A University of Southampton student has received national recognition from the British Computer Society (BCS) for his research into multi agent systems. This is the third student from the university’s Agents, Interaction and Complexity (AIC) research group to win a Council of Professors and Heads of Computing (CPHC) award for his thesis, in conjunction with the BCS.
Long Tran-Thanh was selected as runner-up in the Distinguished Dissertation Award 2013 for his dissertation on Budget-limited multi-armed bandits. He also received an honourable mention in the 2012 Dissertation Award sponsored by the European Artificial Intelligence Association (ECCAI).
His thesis explores sequential decision-making and focuses on different multi-armed bandit models with constraints, such as budget limits or pulling restrictions. His research investigates how autonomous agents can make decisions within those models if the information is not known or is uncertain. He is the first to focus on observing the output of that decision-making and has developed efficient algorithms to help balance exploration and exploitation in order to maximise total payoff.

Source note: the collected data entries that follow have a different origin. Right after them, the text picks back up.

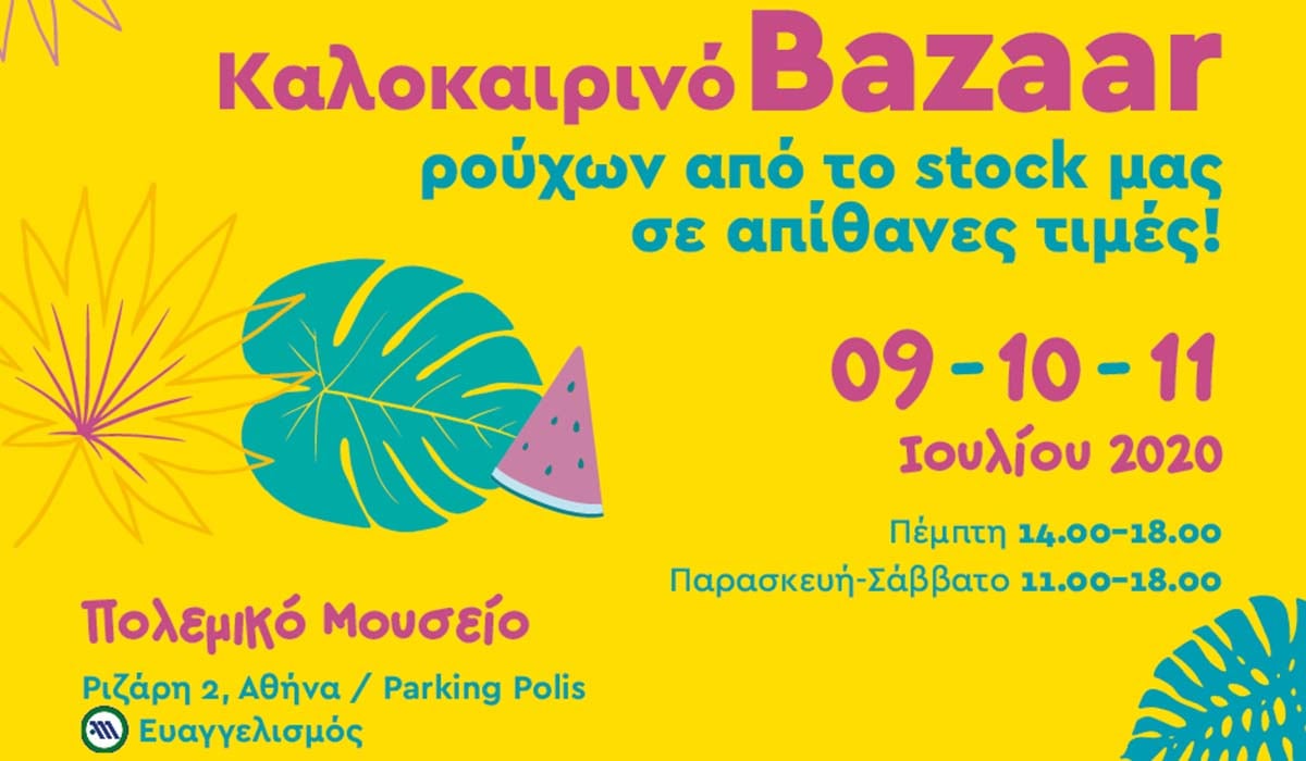Στο φετινό Καλοκαιρινό Bazaar Ρούχων, που θα πραγματοποιηθεί, μεταξύ 9/7 – 11/7,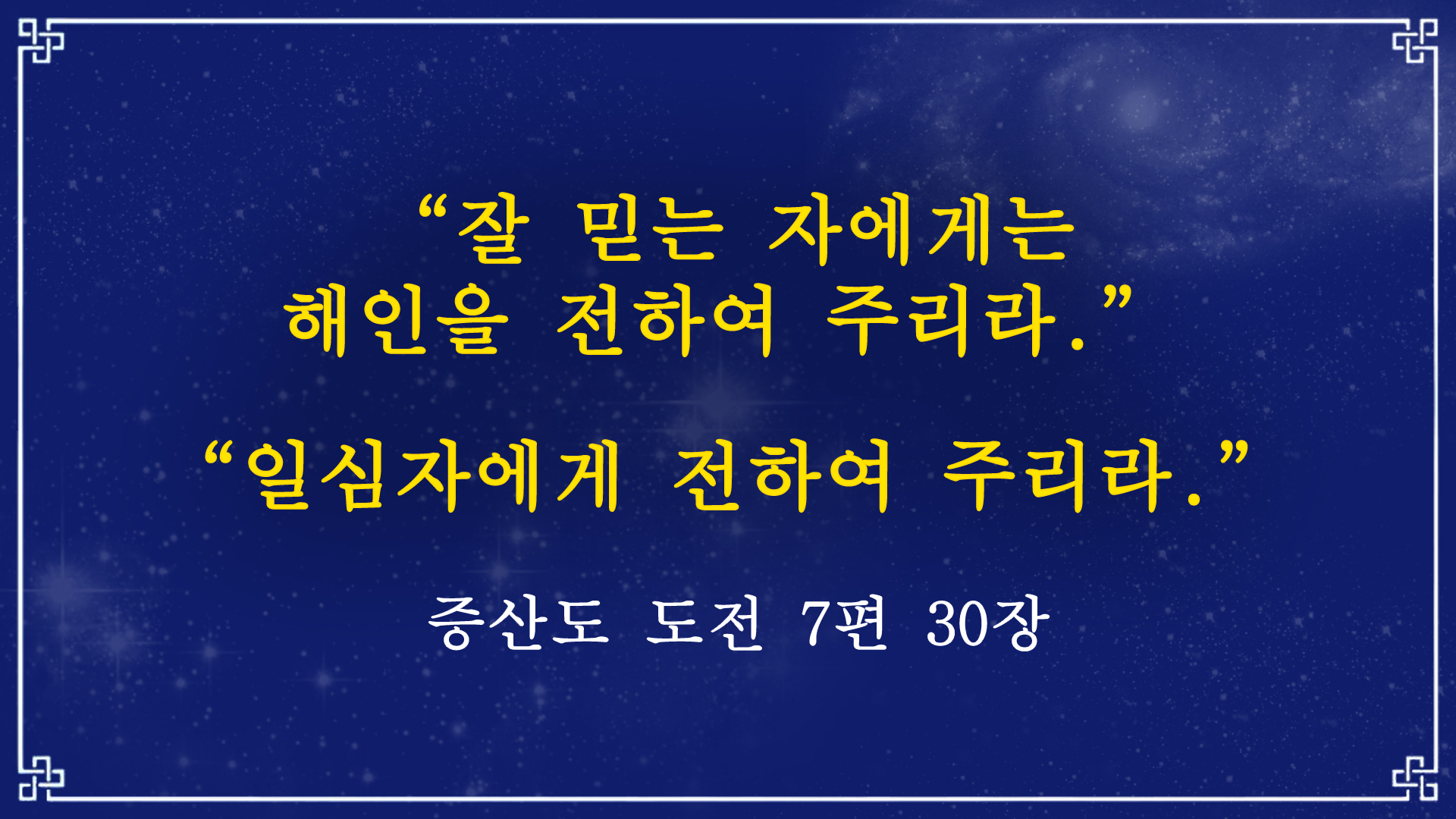 상제님께서는 전 인류가 오직 의통으로 구원받을 수 있음을 말씀해주셨습니다.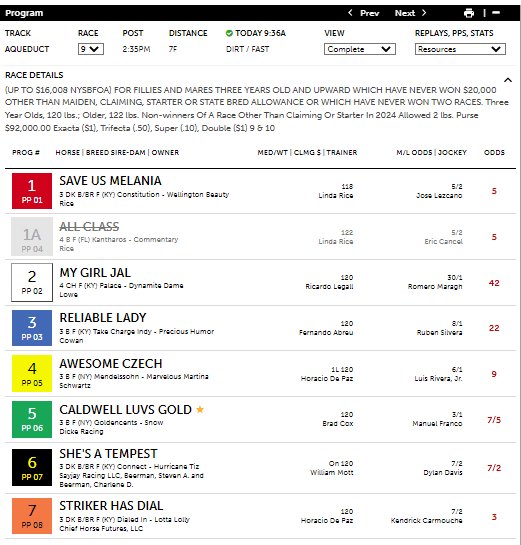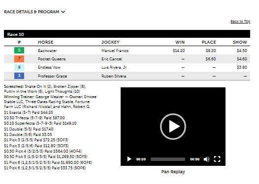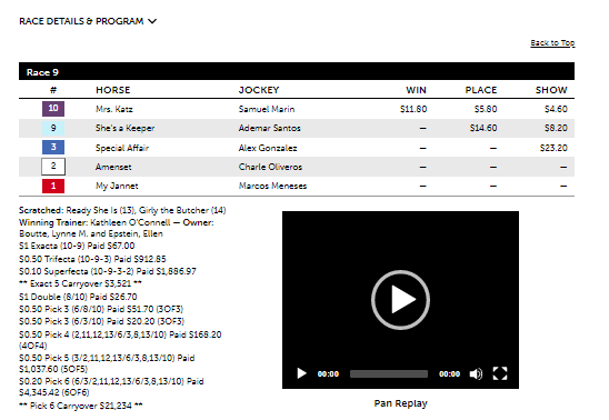 The program had a nice exacta result in the 4th race at Tampa today, a $8K claiming race at 1 1/16 mi. on the dirt for fillies and mares three-years-old and up, with its first two selections of #2 Humor Sense at 9-5 and #4 Shamu at 5-1. The $1 exacta paid $10.80. The program also had the tri-fecta orrder correct with #9 American Peaches as the third selection at 6-1. The $0.50 tri-fecta paid $21.50.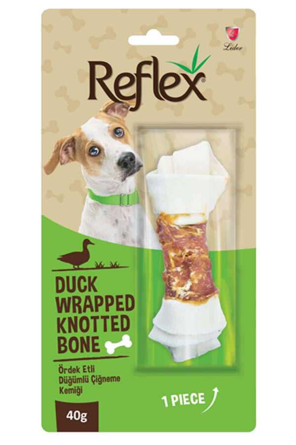 Reflex Ördek Eti Sargılı Düğümlü Köpek Çiğneme Kemiği, köpeklerin içgüdüsel çiğneme ihtiyacını karşılamak ve onları hem eğlendirmek hem de destekleyici bir atıştırmalıkla ödüllendirmek için tasarlanmıştır. Eğitim süreçlerinde ya da doğru davranışları pekiştirmek amacıyla kullanılabilir. Aynı zamanda diş sağlığını desteklemeye yardımcı olur.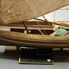 An early 20th Century wooden model of a dhow with cloth sail and half-painted hull, length approx 77cm, together with a related book.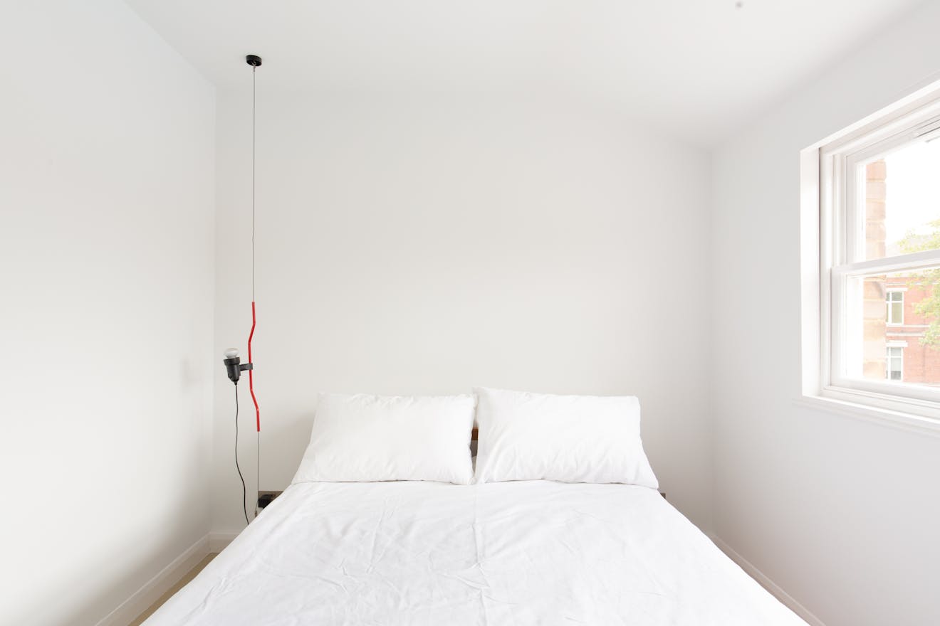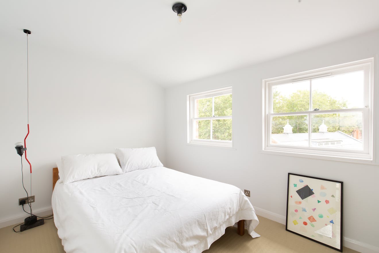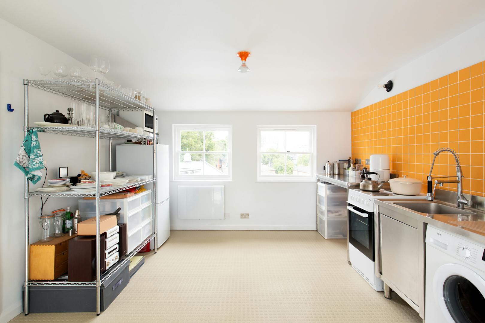 The back, east-facing wall features sash windows with wooden frames, which afford both the master bedroom and the kitchen area plenty of natural light. There is also ample storage, thanks to granted use of the large loft space above.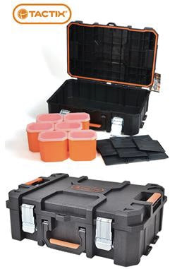 Caja porta herramientas metálica, plegable, pintura satinada negra, 3 bandejas interiores.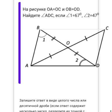 Так как OA = OC и OB = OD (по условию задачи), то ABCD - параллелограмм (по признаку параллелограмма). Следовательно, угол BDC = углу ABD = 67° (накрест лежащие углы при параллельных прямых и секущей). Отсюда находим угол ADC = 47° + 67° = 114°.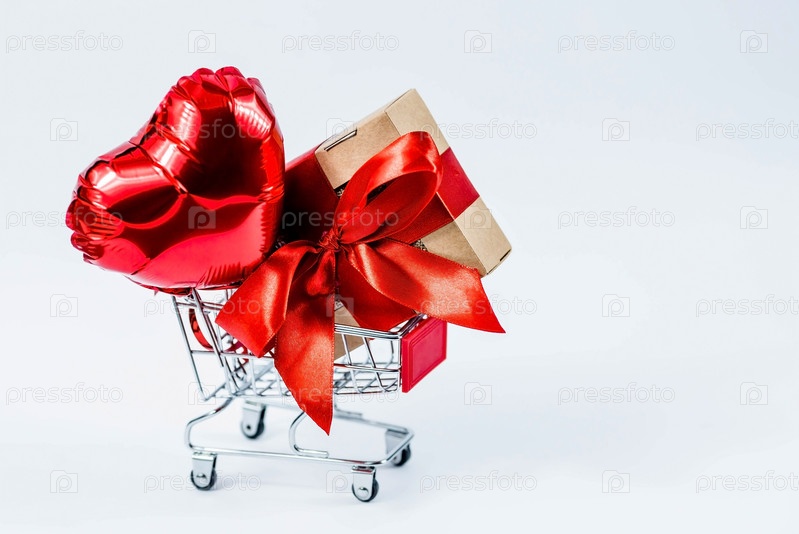 Корзина с едой, подарочная коробка и воздушный шар в форме сердца. Интернет-магазины. Зимние праздничные распродажи, Сезонные распродажи, Черная пятница, 14 февраля, День святого Валентина. Скидки и покупки на месте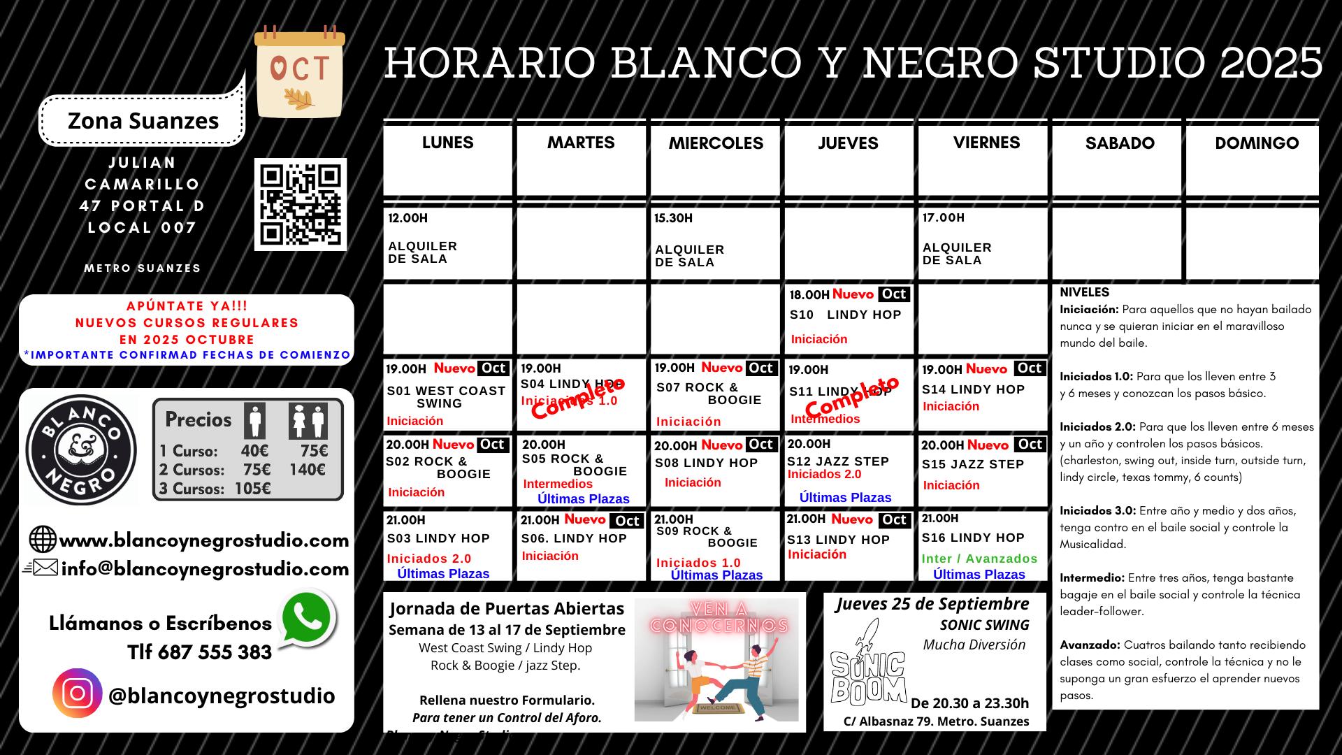 Todos nuestros Horarios del Nuevo Curso Regular 2025/26 toda la información http://blancoynegrostudio.com/horarios-y-precios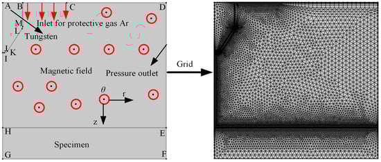 The maximum unit at the boundary is 0.0838 mm, with a boundary layer count of 6. The mesh type employed is triangular, and the protective gas for the tungsten electrode is high-purity argon. The model is developed in the COMSOL Multi-physics software platform and executed on a PC with Intel Core i7-9700, 3.00 GHz, 56 GB RAM and Windows 10 system. Numerical model of “Impact of magnetic fields on arc pressure, temperature, plasma velocity, and voltage” in TIG welding required 1 h to complete the calculations. The capital letters in Figure 1 indicate boundary points. To simplify models, the following assumptions have been made as follows: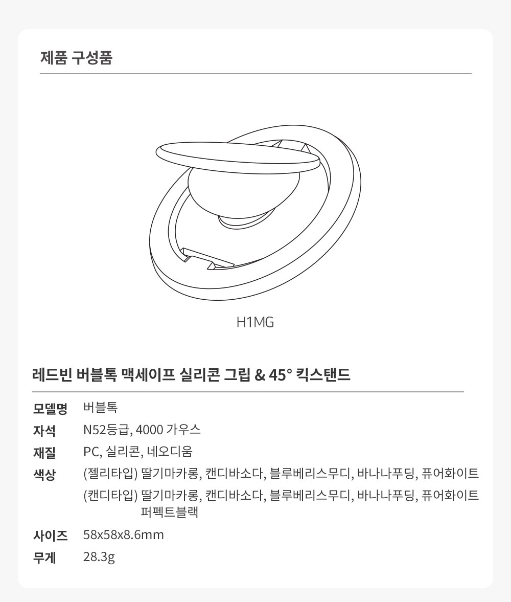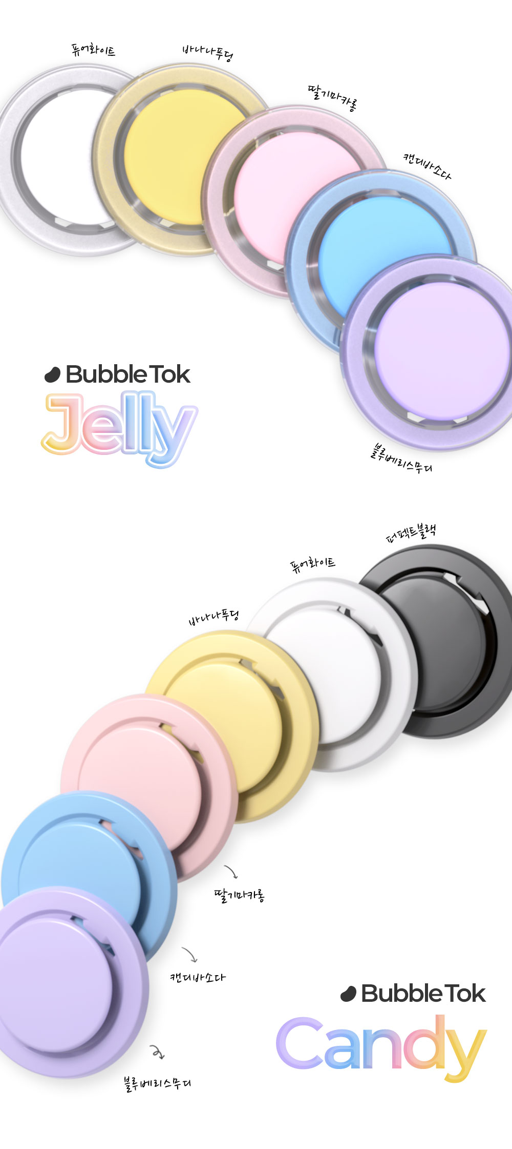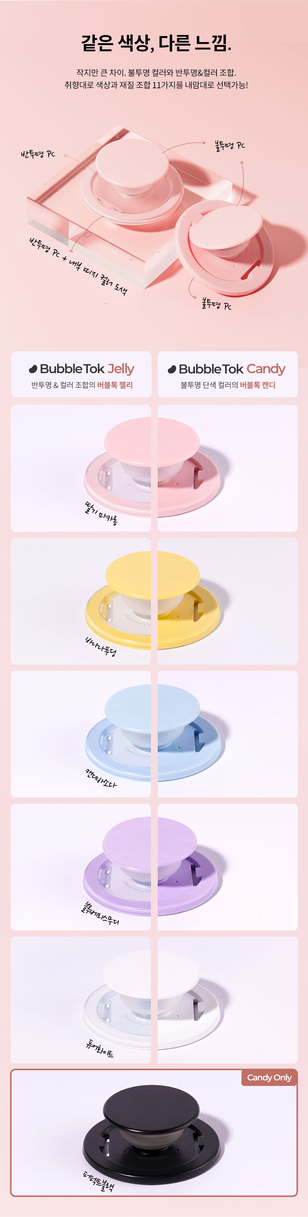 취향껏 색상과 재질을 골라보세요! 뒷면의 재질을 불투명 혹은 반투명 소재 중 어떤 것을 고르는지에 따라 핸드폰과의 조합 느낌이 색다르게 달라진답니다. 나만의 감각적인 버블톡을 완성해 보세요.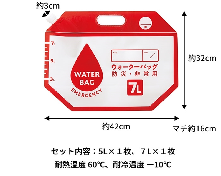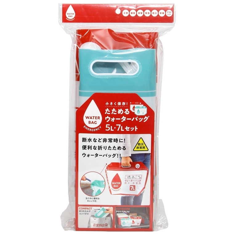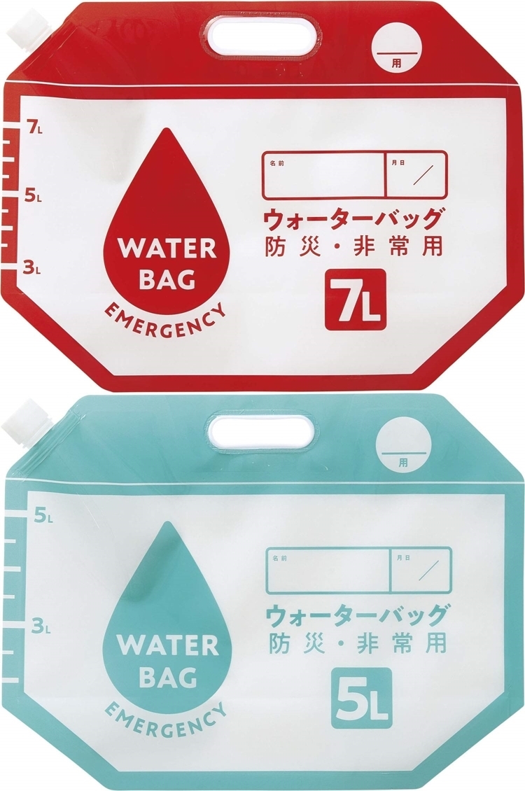 ●【品名】日本COGIT緊急難儲水袋907340防災手提水袋(2入即5L、7L各一且可摺疊)適露營用品戶外旅行
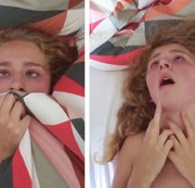 Falls ihr euch mal gefragt habt wie eure Finger aussehen wenn man eine Stunde an meiner Fotze herumgespielt hat, die Antwort ist: Als hätte man zu lange gebadet :P So viel zum Beginn des Videos. Ich kann mich kaum noch erinnern was dann passierte mein Kitzler war wohl schon so empfindlich dass ich von den geringsten Berührungen Orgasmen-Kontraktionen hatte und naja der rest ist schwer zu beschreiben macht euch selbst ein Bild ;)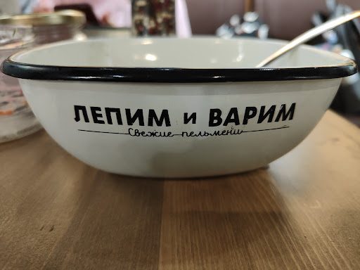 А антураж отличный: подвешенные к потолку мясорубки, светильники в виде кастрюль и советских банок, колоритный повар, лепящий при вас свежую порцию пельмешек.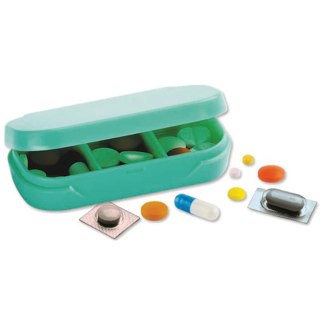 Mini portapillole tascabile pratico, che permette di portare sempre con se i farmaci in capsule o compresse, discreto e sicuro, con chiusura a scatto.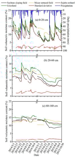 Dynamic changes of daily average soil moisture content in (a) 0–20 cm, (b) 20–60 cm, and (c) 60–160 cm soil layers and soil moisture standard deviation under different sloping land uses in 2014 and 2015 growing seasons. Due to the late installation of monitoring devices for soybean sloping field, soil moisture and temperature were collected from May 29, 2014. The standard deviation refers to the mean square error of daily average soil moisture content between soybean sloping field, maize terraced field, jujube orchard, and grassland, which can reflect the dispersion and difference in daily average soil moisture content between the four sloping land uses.
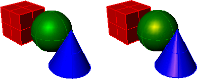El color de brillo es igual al color del objeto (izquierda) y el color de brillo es naranja (derecha).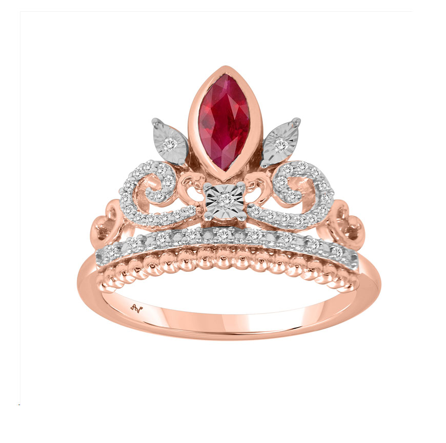 LADIES RING 0.50CT ROUND/RUBY/MARQUISE DIAMOND 14K ROSE GOLD (CENTER STONE MARQUISE RUBY-0.32CT)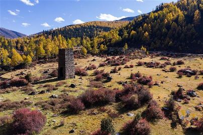 深秋時(shí)節(jié),晴空、群山、秋葉在高原清澈的天光下勾勒出川西鄉(xiāng)城縣一幅幅美麗畫卷。

His findings are already attracting interest in real-world applications such as online keyword bidding, decentralised coordination of unmanned autonomous vehicles and crowdsourcing.
Long is the third student from the AIC group to be recognised by the awards. Dr Rajdeep Dash won the Distinguished Dissertation Award in 2007 for his research into computational mechanism design and in 2008 Senior Research Fellow Talal Rahwan also won the prize for his work developing new algorithms to enable greater co-operation between agents.
Professor Nick Jennings, Head of AIC, said: “We are delighted that Long has been recognised for his excellent research. He is the third student from AIC to be recognised by the CPHC and BCS in this way – a fantastic achievement for one research group.”
Long said: “I was surprised and pleased to receive this award. It recognises the hard work I have done over the past three years and I hope it will help me in my future career.”
The annual CPHC/BCS award selects the best British PhD/DPhil dissertations in computer science. Following a rigorous review process involving over 60 technical experts, the judging panel selected four dissertations it regarded as exemplary, one of which was Long’s.
The judging panel said of Long’s dissertation: “The panel thought it was particularly noteworthy that Long’s thesis both makes significant theoretical contributions, and provides solutions which can be beneficially employed in practice.”
Long, who was born in Vietnam and grew up in Hungary came to Southampton in 2008 to study his PhD in Computer Science and is now a post doctoral research fellow at the University working on the ORCHID project that investigates how human and software agents can effectively work together to collect the best possible information from a disaster environment.
““When I first came to Southampton I was very impressed by the enthusiasm of the academic staff and I thought I would get good support and motivation here and I was right. I have been here for five years and it has been the best time of my life,”“ said Long.